Bei der Regulierungsbedürftigkeit spielt die allgegenwärtige Meinungsbildungsrelevanz eine wesentliche Rolle. Die Parallelen zum klassischen Rundfunk werden aufgezeigt, Meinungsmanipulationen, die Phänomen Hate Speech, Fake News, Social Bots erläutert, die Konzentrationstendenzen analysiert und die Argumente für und gegen Regulierungsbedürftigkeit abgewogen.

 

Der primärrechtliche und völkerrechtliche Schutz freier Berichterstattung liefert eine weitere Basis im dritten Abschnitt. Dabei geht es um das Europäische Recht, die EU-Grundrechte, den Schutz nach deutschem Recht (Art. 5 GG), die Reichweite des deutschen Rundfunkrechts besonders nach der Judikatur des Bundesverfassungsgerichts, hier vor allem nach dem 18. Rundfunkurteil sowie nach   den Entscheidungen zum „Recht auf Vergessen“. Im Ergebnis sieht der Verfasser die Berichterstattung in und durch die sozialen Netzwerke als Rundfunk an. Daraus folgt für ihn die Pflicht zu einer entsprechenden Regulierung mit den Maßgaben, die auch für den Rundfunk in den Grundzügen gelten. Dann ist es allerdings nicht allein mit einer Einbeziehung in Rundfunkstaatsverträge allein getan.

 

Bei dem Status quo (Kapitel 4) liegt das Gewicht auf dem Kartellrecht als Instrument der Regulierung. Dessen verhaltenssteuernde Funktion ist hingegen, wie mit Recht begründet wird, begrenzt. Es hätte nahegelegen, diesen ausladenden, durchaus interessanten Teil bezogen auf die engere Fragestellung knapper zu fassen.

 

Das vielfältige Medienrecht als Instrument wird detailliert dargestellt. Dazu gehören auch die Defizite in den jeweiligen generell oder speziell einschlägigen Rahmenbedingungen. Dabei wird auch das neue NetzDG in Augenschein genommen. Für den Leser ist vor allem die sehr eingehende Perspektive auf die diversen existierenden Rechtsgrundlagen nützlich. Wie ein von dem Verfasser erwünschtes Rundfunkrecht der sozialen Netzwerke aussehen könnte, lässt sich strukturell und inhaltlich vorzüglich ablesen.

 

Die Regulierungsstrategien für soziale Netzwerke (sechstes Kapitel) zeigt Implementierungsmöglichkeiten auf. Im Schlussteil werden die Thesen zusammengefasst.

 

Die nach ihrem Umfang sowohl im Einzelnen wie generell sehr eingehende Darstellung kann hier nicht im Detail referiert oder kritisch beleuchtet werden.
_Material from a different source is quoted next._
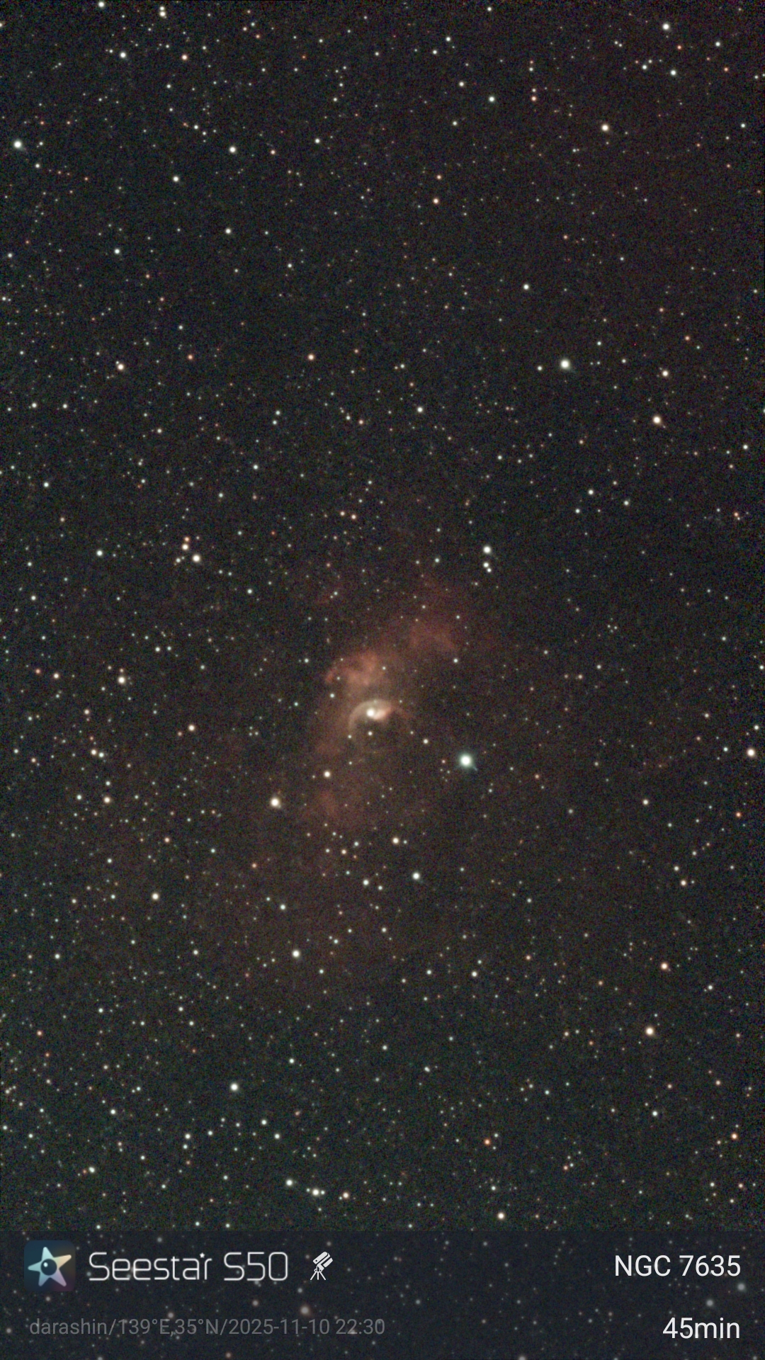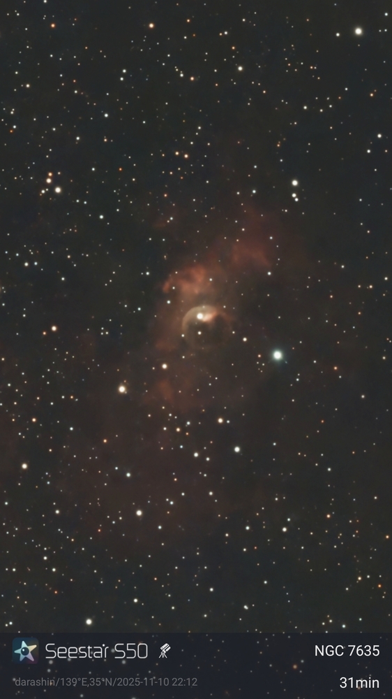DSOをSeestarで観望はじめて1週間ぐらい昨年10月の撮影。バブルが写ったと喜びました。左下のNGC7654と一緒にとってます。

Sie bestätigt aber den schon bekannten Eindruck, dass es an sachspezifischer rechtlicher Regulierung weitgehend mangelt. Die sozialen Netzwerke sind zwar kein, wie so oft postuliert wird, „rechtsfreier Raum“. Dennoch reicht die Basis und die effektive Reichweite geltenden Rechts nicht aus, um den spezifischen Bedingungen der sozialen Netzwerke mit ihren globalen, sozialen und rechtlichen Auswirkungen sachgemäß und ihren Sonderformen einschließlich der Spezialprobleme entsprechend zu begegnen und die auftretenden Schwierigkeiten so zu beherrschen, dass Lösungen dogmatisch wie praktisch in das weithin unbestellte Haus Einlass finden würden.

 

Allein die bis in die Gegenwart reichenden Sonderdebatten um die Revision des NetzDG zeigen auf, dass die verfassungsrechtlichen und sozialwissenschaftlichen Grundlagen kritischer Betrachtung bedürfen. Die Voten von Experten in den Mühen des Gesetzgebers haben das vor allem dann bewiesen, wo sie vernachlässigt worden oder folgenlos geblieben sind.

 

Den Mängeln wäre auch ohne Rücksicht auf Recht der Europäischen Unionrein rechtlich relativ problemlos abzuhelfen. Es bedürfte allerdings einer speziellen Ausformung vor allem im Medienrecht. Hier scheinen sich jedoch politische wie wirtschaftliche Hemmnisse so aufzutürmen, dass die Ergebnisse nicht dafür sprechen, dass der Gesetzgeber seinem Beruf oder gar seiner Berufung zu entsprechen sich in der Lage fühlt. Vermutlich werden erst künftige Studien über die Einflüsse von Lobbys auf die Debatten seit dem Erlass des ursprünglichen NetzDG und um die Ausformungen des Rundfunkstaatsvertrages dereinst Einblick in hemmende Wirkungskräfte ermöglichen.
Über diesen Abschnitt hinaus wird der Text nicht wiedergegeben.